[Items from a data source]
* * * * * * * * *
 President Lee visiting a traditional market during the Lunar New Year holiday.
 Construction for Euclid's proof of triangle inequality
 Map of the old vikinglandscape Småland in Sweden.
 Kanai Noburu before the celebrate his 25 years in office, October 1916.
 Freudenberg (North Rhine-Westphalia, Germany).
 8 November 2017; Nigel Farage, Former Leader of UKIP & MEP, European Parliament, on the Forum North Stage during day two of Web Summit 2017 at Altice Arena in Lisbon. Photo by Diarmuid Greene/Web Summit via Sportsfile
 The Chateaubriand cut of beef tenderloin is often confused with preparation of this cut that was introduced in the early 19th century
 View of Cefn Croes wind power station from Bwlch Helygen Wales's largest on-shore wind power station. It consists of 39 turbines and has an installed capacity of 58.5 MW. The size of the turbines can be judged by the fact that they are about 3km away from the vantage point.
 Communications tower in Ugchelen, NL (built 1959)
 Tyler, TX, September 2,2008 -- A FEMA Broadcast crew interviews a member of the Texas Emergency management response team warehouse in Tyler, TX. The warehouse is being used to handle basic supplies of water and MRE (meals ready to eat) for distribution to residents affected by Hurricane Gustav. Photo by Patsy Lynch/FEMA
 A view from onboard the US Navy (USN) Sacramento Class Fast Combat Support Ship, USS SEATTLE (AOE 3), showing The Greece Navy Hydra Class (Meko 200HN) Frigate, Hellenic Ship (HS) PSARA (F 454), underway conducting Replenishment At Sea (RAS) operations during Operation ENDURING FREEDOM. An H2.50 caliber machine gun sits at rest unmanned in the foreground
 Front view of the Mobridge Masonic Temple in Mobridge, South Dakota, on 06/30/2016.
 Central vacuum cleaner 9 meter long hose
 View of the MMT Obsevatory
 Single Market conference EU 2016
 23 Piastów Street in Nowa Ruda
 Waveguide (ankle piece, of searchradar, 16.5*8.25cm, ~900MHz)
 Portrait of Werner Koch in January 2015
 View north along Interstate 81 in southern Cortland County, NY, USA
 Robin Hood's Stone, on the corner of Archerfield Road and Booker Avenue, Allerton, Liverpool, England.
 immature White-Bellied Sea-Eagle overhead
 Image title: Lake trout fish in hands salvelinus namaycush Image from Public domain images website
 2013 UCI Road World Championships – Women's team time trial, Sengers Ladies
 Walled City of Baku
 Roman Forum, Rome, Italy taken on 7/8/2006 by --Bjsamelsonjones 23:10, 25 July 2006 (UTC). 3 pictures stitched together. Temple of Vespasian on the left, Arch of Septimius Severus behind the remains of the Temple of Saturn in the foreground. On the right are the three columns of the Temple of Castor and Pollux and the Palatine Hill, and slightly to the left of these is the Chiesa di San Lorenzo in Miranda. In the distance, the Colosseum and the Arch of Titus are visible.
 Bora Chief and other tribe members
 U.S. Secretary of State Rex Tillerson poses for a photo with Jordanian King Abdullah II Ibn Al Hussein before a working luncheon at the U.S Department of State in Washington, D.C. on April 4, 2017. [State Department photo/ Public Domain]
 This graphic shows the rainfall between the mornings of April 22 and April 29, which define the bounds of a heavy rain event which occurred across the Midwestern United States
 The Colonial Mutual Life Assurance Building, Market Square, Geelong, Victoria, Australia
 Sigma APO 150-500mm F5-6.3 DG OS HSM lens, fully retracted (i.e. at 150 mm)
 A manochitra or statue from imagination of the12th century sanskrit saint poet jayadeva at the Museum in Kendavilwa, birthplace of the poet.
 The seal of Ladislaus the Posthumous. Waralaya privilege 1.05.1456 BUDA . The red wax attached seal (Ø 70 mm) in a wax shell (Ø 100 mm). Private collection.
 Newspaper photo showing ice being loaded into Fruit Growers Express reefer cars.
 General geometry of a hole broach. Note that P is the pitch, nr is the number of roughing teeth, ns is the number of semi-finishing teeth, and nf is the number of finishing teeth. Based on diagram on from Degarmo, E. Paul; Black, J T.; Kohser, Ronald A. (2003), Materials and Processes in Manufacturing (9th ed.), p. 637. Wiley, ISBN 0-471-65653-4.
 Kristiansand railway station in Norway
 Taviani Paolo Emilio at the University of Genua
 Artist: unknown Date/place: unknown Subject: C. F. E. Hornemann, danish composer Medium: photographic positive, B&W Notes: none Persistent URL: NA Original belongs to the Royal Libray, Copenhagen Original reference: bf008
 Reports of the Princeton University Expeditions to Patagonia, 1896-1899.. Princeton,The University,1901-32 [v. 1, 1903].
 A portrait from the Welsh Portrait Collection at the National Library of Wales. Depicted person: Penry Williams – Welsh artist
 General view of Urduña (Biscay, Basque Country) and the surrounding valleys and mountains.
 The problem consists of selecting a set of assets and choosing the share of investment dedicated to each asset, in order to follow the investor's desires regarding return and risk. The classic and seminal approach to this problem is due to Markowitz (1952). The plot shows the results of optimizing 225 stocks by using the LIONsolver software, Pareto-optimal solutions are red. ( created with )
* * * * * * * * *
TASK OBJECTIVE: Please write out, exactly as they appear, the lines from the one containing "Artist: unknown Date/place: unknown" through the last line of the records above, and nothing more.

EXERCISE RESPONSE:
 Artist: unknown Date/place: unknown Subject: C. F. E. Hornemann, danish composer Medium: photographic positive, B&W Notes: none Persistent URL: NA Original belongs to the Royal Libray, Copenhagen Original reference: bf008
 Reports of the Princeton University Expeditions to Patagonia, 1896-1899.. Princeton,The University,1901-32 [v. 1, 1903].
 A portrait from the Welsh Portrait Collection at the National Library of Wales. Depicted person: Penry Williams – Welsh artist
 General view of Urduña (Biscay, Basque Country) and the surrounding valleys and mountains.
 The problem consists of selecting a set of assets and choosing the share of investment dedicated to each asset, in order to follow the investor's desires regarding return and risk. The classic and seminal approach to this problem is due to Markowitz (1952). The plot shows the results of optimizing 225 stocks by using the LIONsolver software, Pareto-optimal solutions are red. ( created with )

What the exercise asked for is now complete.